In fact, the slider hasn’t been hit all that hard either, with a 16.7 MPH hard-hit rate and an 86.4 MPH average exit velocity.

Limiting hard contact, especially in Oakland’s cavernous home park, and missing bats are certainly two ideal abilities to have as a closer. Puk has shown that he can do both at a high level. If you have the bench space, Puk is an intriguing saves stash. In saves+holds leagues, he’s even more valuable right now as he’s already established himself as part of the late-inning mix for the A’s.

Christian Walker (1B – ARI)

Walker has tallied six home runs through 121 plate appearances entering play on Thursday. He’s also hitting just .187.

Of the two, the home run production looks like it will continue.

The 31-year-old has registered 14 barrels and a 17.1% barrel rate through those 121 plate appearances. He’s also in the 97th percentile league-wide in xSLG (.625). He’s currently sporting a 50% hard-hit rate that would qualify as a personal best were the season to end today.

However, will the batting average continue as is? Probably not.

Walker’s sparkling hard-hit rate is excellent in a vacuum, but it becomes even more significant considering the veteran isn’t swinging and missing too much in the grand scheme of things.

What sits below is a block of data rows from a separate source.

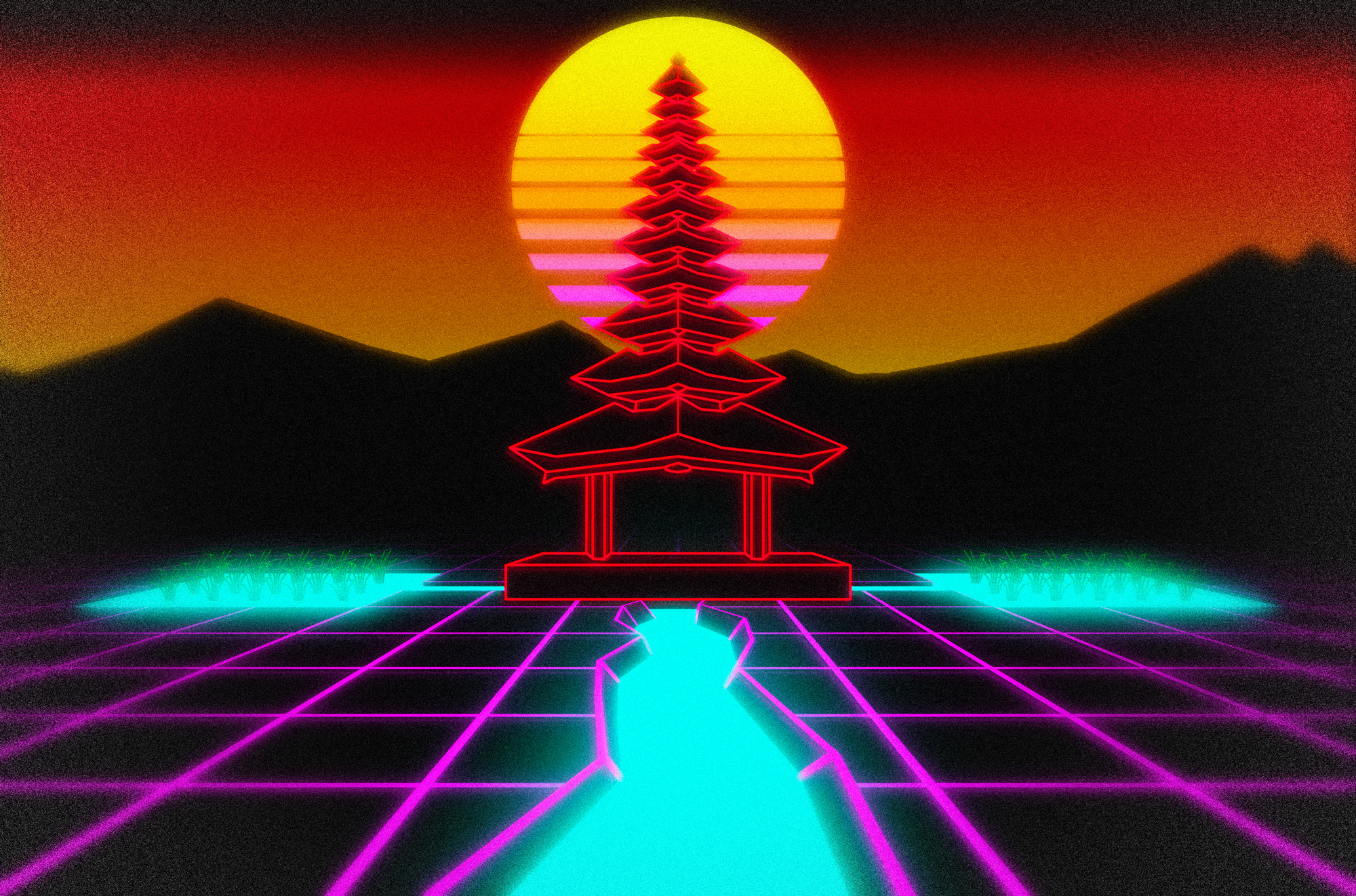 A stylized retro representation of a “water temple” in Bali, created for the article The Ancient Order of Bali.
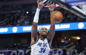 体育资讯2月25日讯 NBA常规赛,魔术上半场以53-56落后湖人。
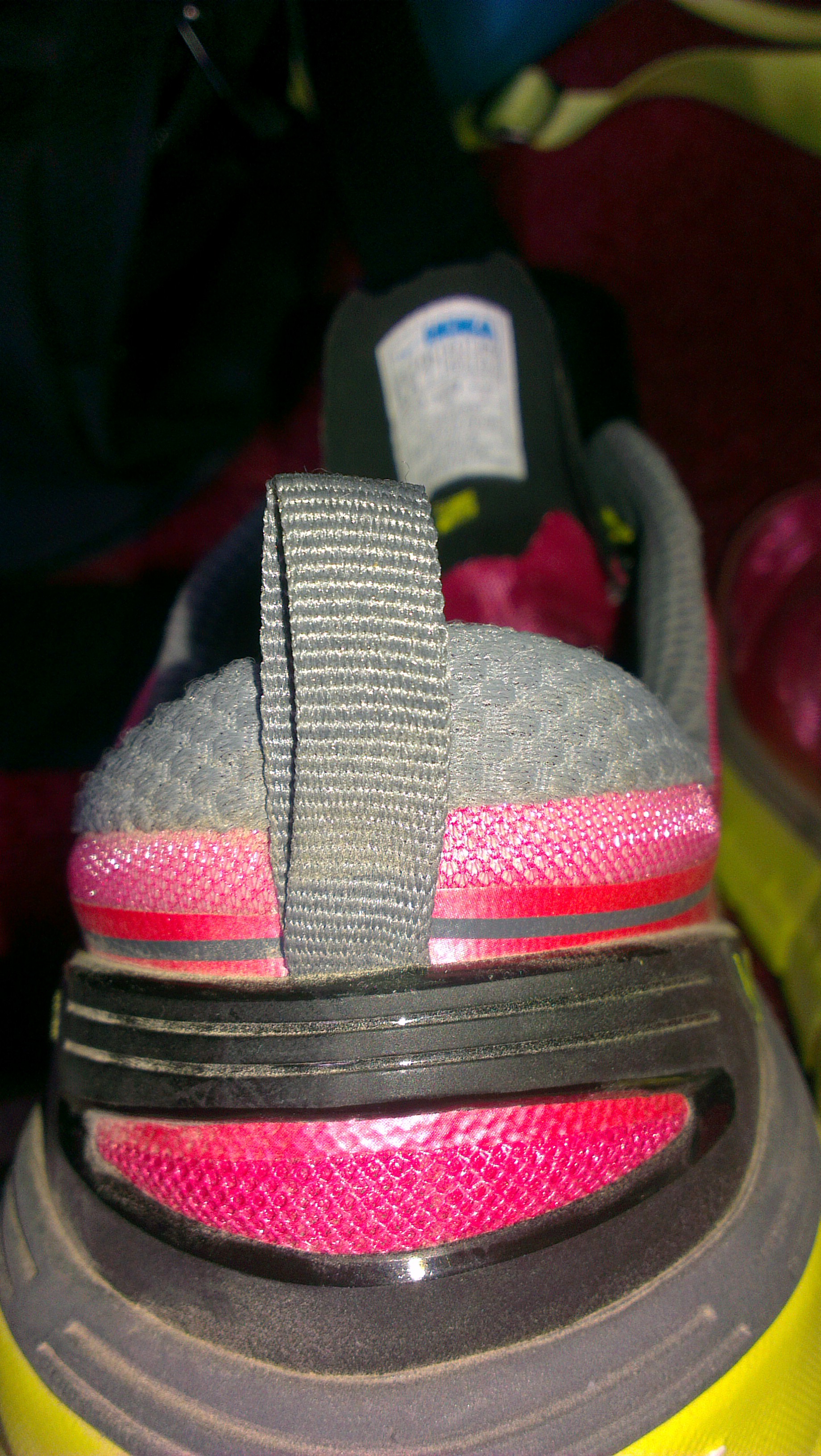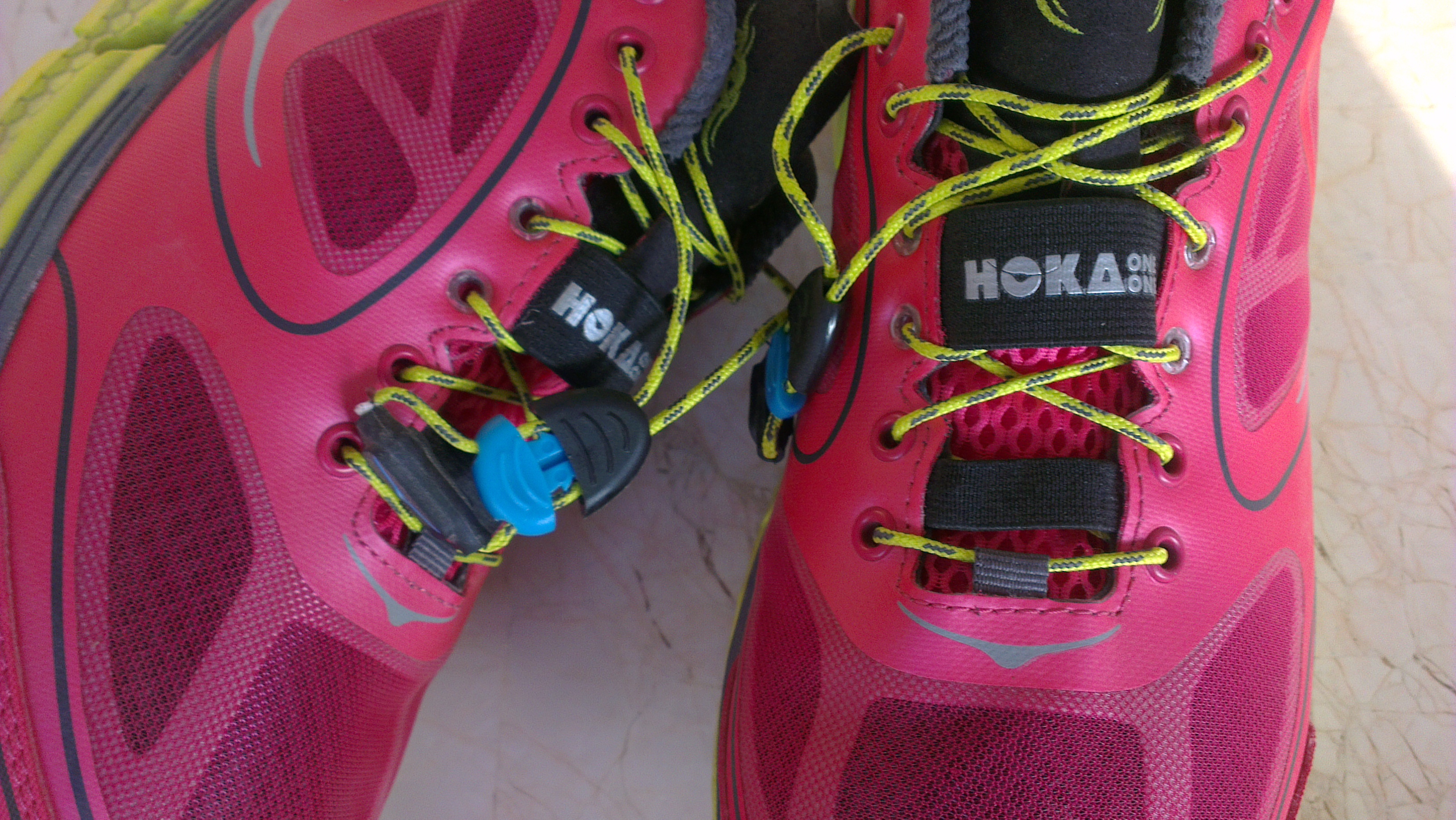 Les lacets sont de type Quick fit sytem, on s’imagine, bien à tord, que ces lacets ne vont pas rester serrés correctement pendant l’entraînement, erreur, ils ne bougent pas d’un poil, c’est très pratique comme laçage. Il est également fourni une paire de lacets standards mais comme il faudrait couper les lacets en place pour installer les autres, le retour en arrière serait impossible. La languette au talon pour aider à l’enfilage n’est pas aussi pratique que sur le modèle que j’utilise (Kalua). C’est un petit détail mais qui a son importance.
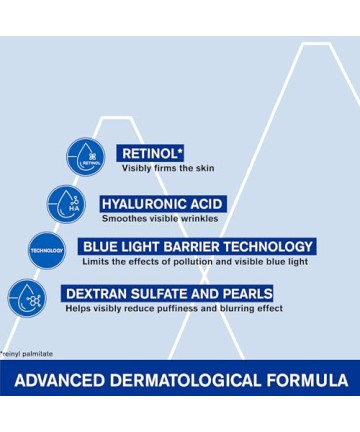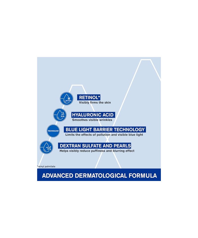 Actioneaza simultan asupra ridurilor, fermitatii conturului ochilor si asupra agresiunii zilnice a pielii: lumina albastra, raze UV, poluare, stres, oboseala.
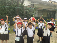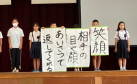 生活委員会のみんなの立派なあいさつの後、高学年、中学年、低学年ごとに、あいさつの練習をしました。みんな暑さが吹き飛ぶような大きな声であいさつをすることができました。📣👍
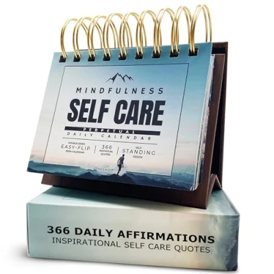 A Happier Way to Start Your Day - Make every day mindful with MESMOS mindfulness flip calendar desk decorations for women and men, designed to support calm and clarity and empower you to tackle the day with ease. Self Care Made Simple - Prioritize self care with a daily routine that will shift your mindset in minutes. Simply flip one of the 366 mindful reminders each day of the year and reflect on them to make your new work desk accessories work for you! Quality in the Details - This daily affirmations calendar is beautifully designed and include 366 front and back mindfulness quotes , sturdy base easel , gift box and stunning landscape scenes to help bring your mind into a state of relaxation and tranquility . The Perfect Office Desk Accessory - Embrace our Mindfulness Daily Calendar, the ideal office desk decor and motivational gift for coworkers. Elevate you and your team's mindset with mindfulness and gratitude! Thoughtftul Health and Wellness Gift- Give unique office supplies for women and men that will actually change lives. Your daily mindfulness perpetual calendar is the perfect spiritual gift for women and men on a journey to relieve stress and improve health and wellness.

This isn’t a situation where a high strikeout rate makes a barrel rate look slightly better due to fewer batted balls. The first baseman is striking out at his career’s second-lowest rate (20.7%). What’s more, Walker’s 20.9% chase rate is on track to be a new career-best. It’s previously never finished below 24%.

Throw in a highly unlucky BABIP (.184), and you have a candidate for some serious positive regression. Arguably more positive regression than any other hitter in the league.

He’s sporting one of the league’s lowest BABIPs. The slugger is one of eight batters to have a BABIP south of .200.

Lowest BABIP Metrics As Of The Beginning Of Play Thursday:

Even more production is coming for Walker. Add him now before his batting average (and other metrics) inevitably start to rise.